Subscribed in August 1994

If I am finding the correct list:

FX -- watch a little (couple hours a week)
National Geographic Channel -- watch a very little though I like the idea of it being there
Speed Channel -- Zero
Fox Soccer Channel -- Zero
Fox Movie Channel -- watch none now since it's SD only, but HD I'd watch more
Fox Deportes -- Zero (didn't know it was even included)
FuelTV -- Zero

Fox Sports Channels -- I'm not exactly which of these are involved, but I probably watch most of these particularly in Baseball season and some for College Football. A lot of other avenues to get most of the content. 

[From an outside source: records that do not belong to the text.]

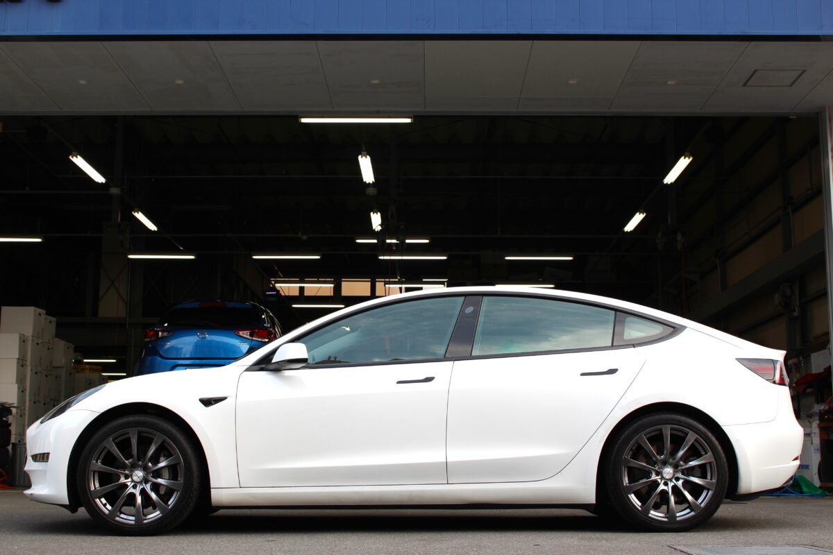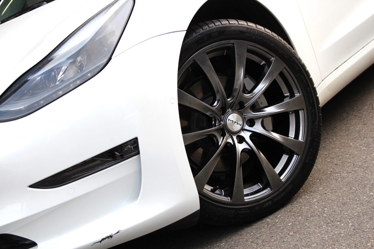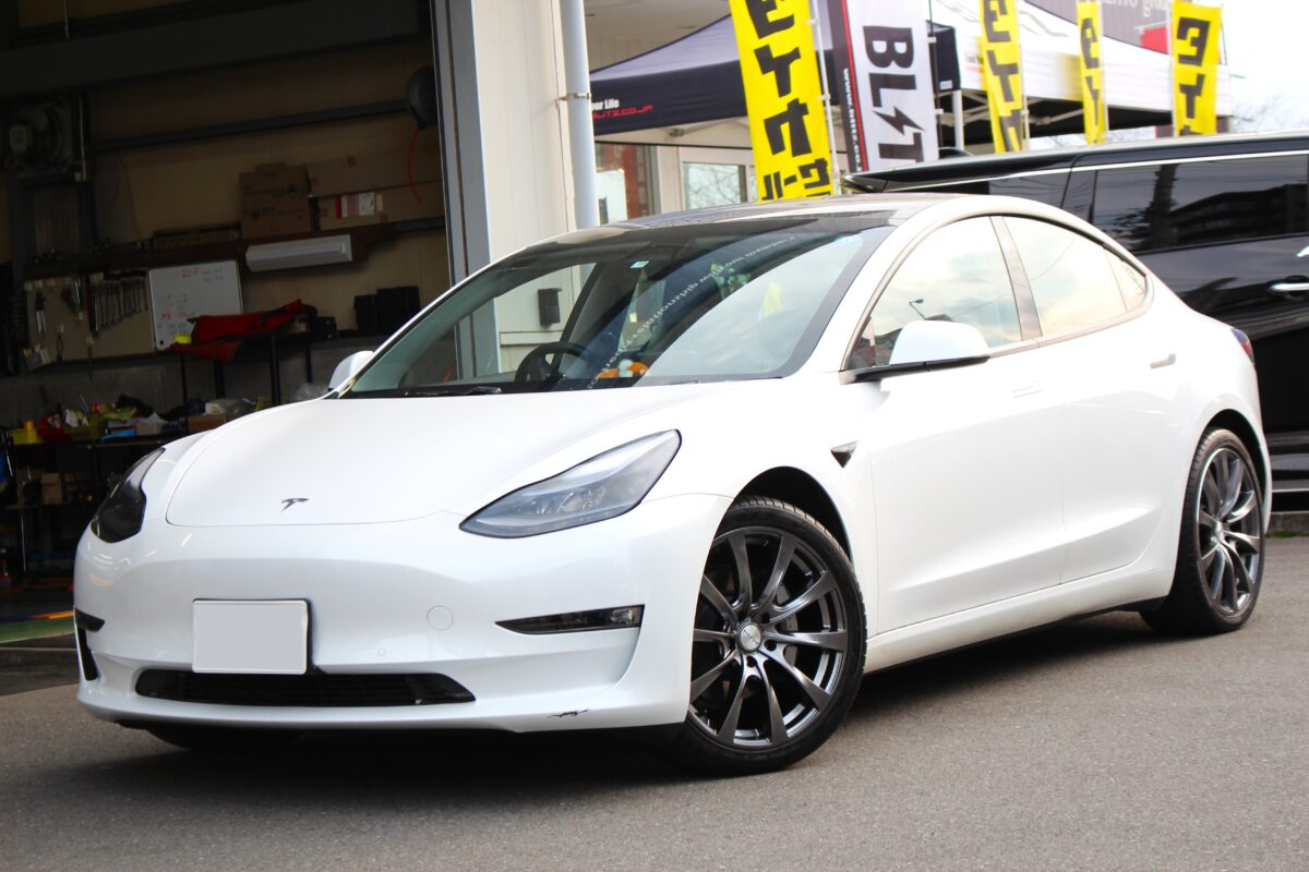 こちらのお車にはモデル3専用ホイールを取付させていただきました♪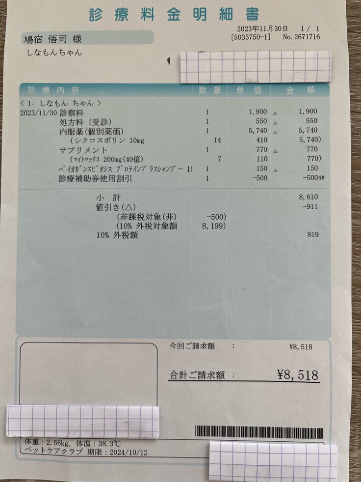◆11月30日(木曜) しなもんくんの様子と検査結果
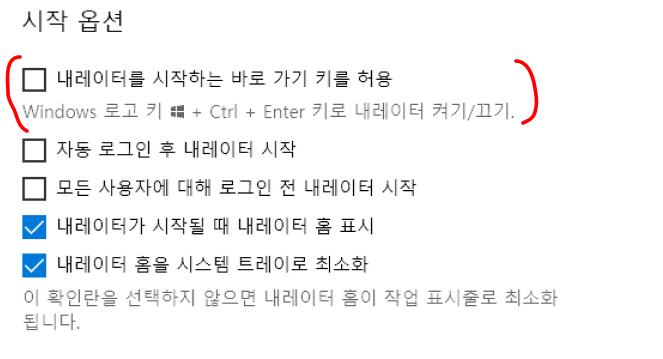 시작 > 설정 > 접근성 > 내레이터 > 내레이터를 시작하는 바로 가기 키를 허용 체크 해제

So to sum up -- subscriber since 1994. I will be subscribed in 2012 no doubt. My vote is for DirecTV to take a hardline and see if they'll take a few more of Murdoch's channels with them if they leave.


----------



## camo (Apr 15, 2010)

It's not just Fox channels having contract problems...Many are going to get more bad news Nov.1 when Belo television leaves, and some are local CBS and ABC stations. 
Belo owns 20 television stations reaching 14 percent of U.S. television households, including WFAA-TV in Dallas/Fort Worth, KHOU-TV in Houston, KING-TV in Seattle/Tacoma and KTVK-TV in Phoenix.

Statement: http://www.azfamily.com/directv/


----------



## Davenlr (Sep 16, 2006)

And every one of them has a free transmitter you can watch them on with an antenna...so no loss in my book. Id rather not have to pay for locals at all. I get them and about 10 more DirecTv doesnt carry for free.


----------



## Ken984 (Jan 1, 2006)

No I will not leave. The content providers need to get a grip and realize that we are not a bottomless pit of $. They are supposed to make their $ on advertising, what we pay is just gravy. I hope DirecTV does not give in to Fox. I will miss Justified and the wife likes American Horror Story but we will be fine without them for however long it takes to get this done fairly.


----------



## waynebtx (Dec 24, 2006)

Would only effect me with one FX so no i would not leave


----------



## camo (Apr 15, 2010)

Davenlr said:


> And every one of them has a free transmitter you can watch them on with an antenna...so no loss in my book. Id rather not have to pay for locals at all. I get them and about 10 more DirecTv doesnt carry for free.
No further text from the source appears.